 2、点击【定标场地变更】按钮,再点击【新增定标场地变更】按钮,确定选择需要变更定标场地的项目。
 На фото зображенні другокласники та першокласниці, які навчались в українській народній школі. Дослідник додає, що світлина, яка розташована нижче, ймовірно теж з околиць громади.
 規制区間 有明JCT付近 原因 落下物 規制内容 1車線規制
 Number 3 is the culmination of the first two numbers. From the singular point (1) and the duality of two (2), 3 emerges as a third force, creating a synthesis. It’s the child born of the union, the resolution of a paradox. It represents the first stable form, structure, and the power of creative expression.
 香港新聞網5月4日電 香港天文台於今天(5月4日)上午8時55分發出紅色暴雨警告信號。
--
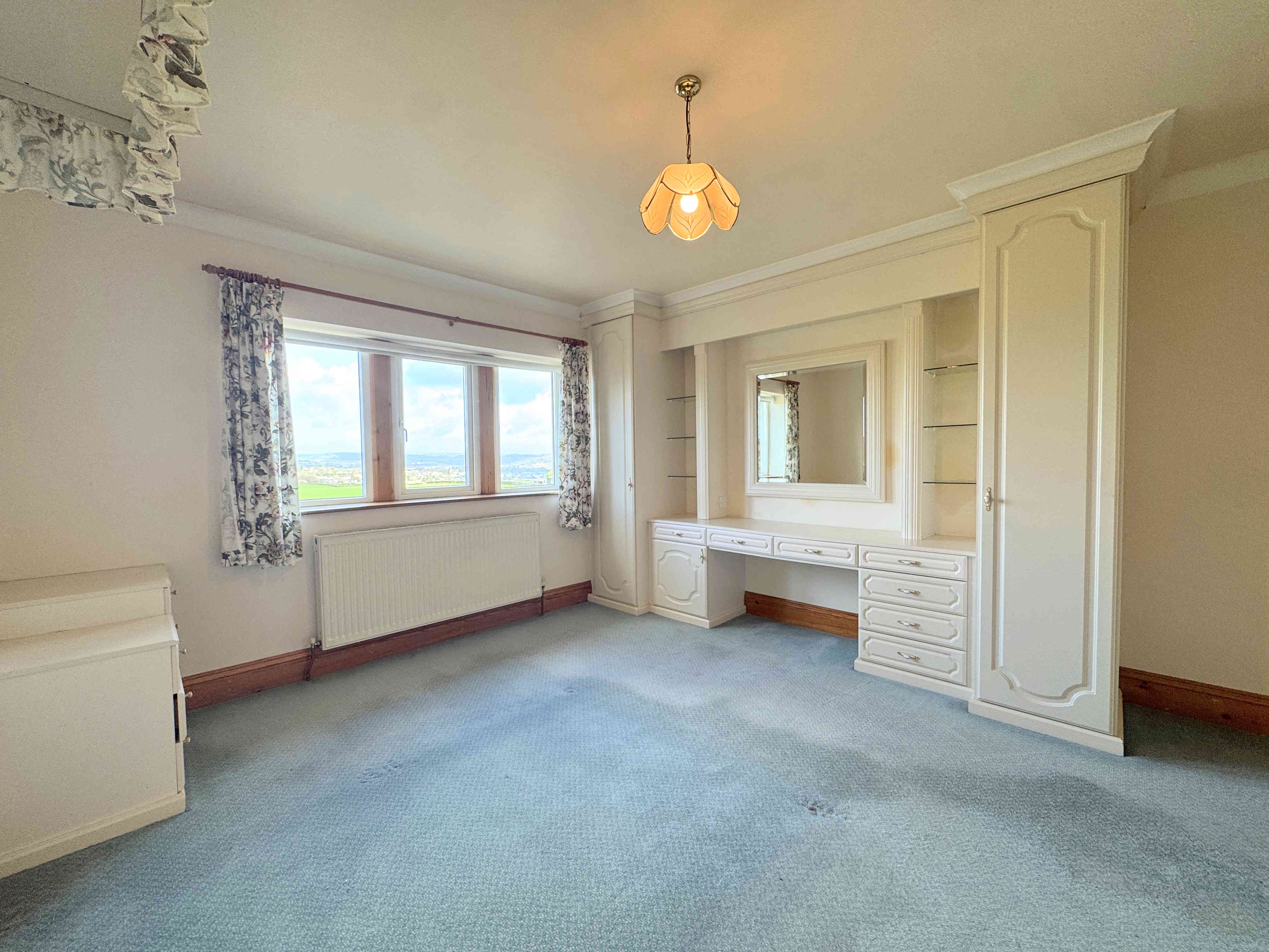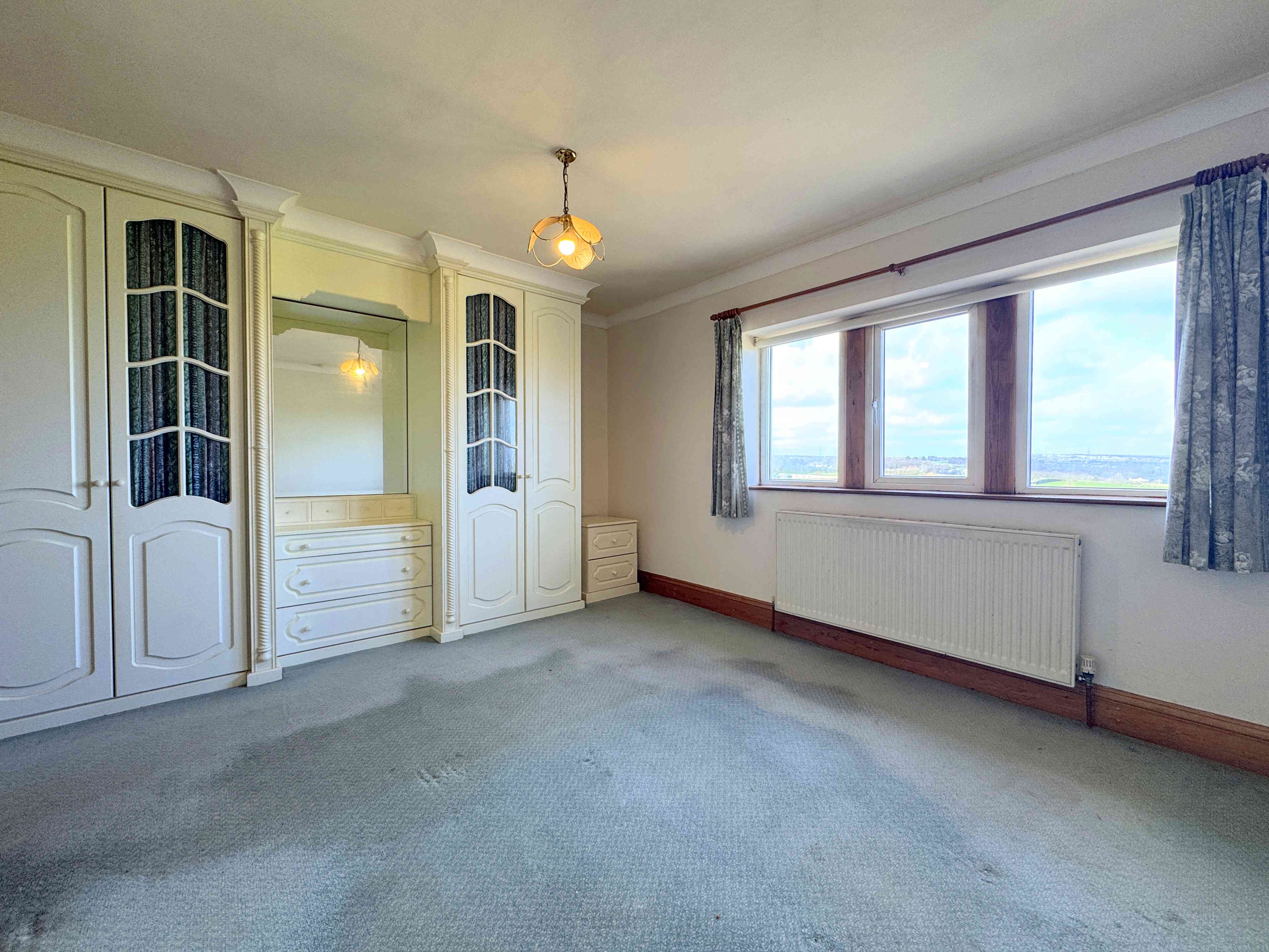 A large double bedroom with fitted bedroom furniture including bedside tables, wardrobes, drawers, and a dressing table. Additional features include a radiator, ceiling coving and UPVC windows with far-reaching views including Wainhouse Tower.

- [How to complete this task]: Above are the records. Print exactly, and only, the lines from the line with "На фото зображенні" to the line with "香港新聞網5月4日電 香港天", both inclusive.

- [Solved problem]:
 На фото зображенні другокласники та першокласниці, які навчались в українській народній школі. Дослідник додає, що світлина, яка розташована нижче, ймовірно теж з околиць громади.
 規制区間 有明JCT付近 原因 落下物 規制内容 1車線規制
 Number 3 is the culmination of the first two numbers. From the singular point (1) and the duality of two (2), 3 emerges as a third force, creating a synthesis. It’s the child born of the union, the resolution of a paradox. It represents the first stable form, structure, and the power of creative expression.
 香港新聞網5月4日電 香港天文台於今天(5月4日)上午8時55分發出紅色暴雨警告信號。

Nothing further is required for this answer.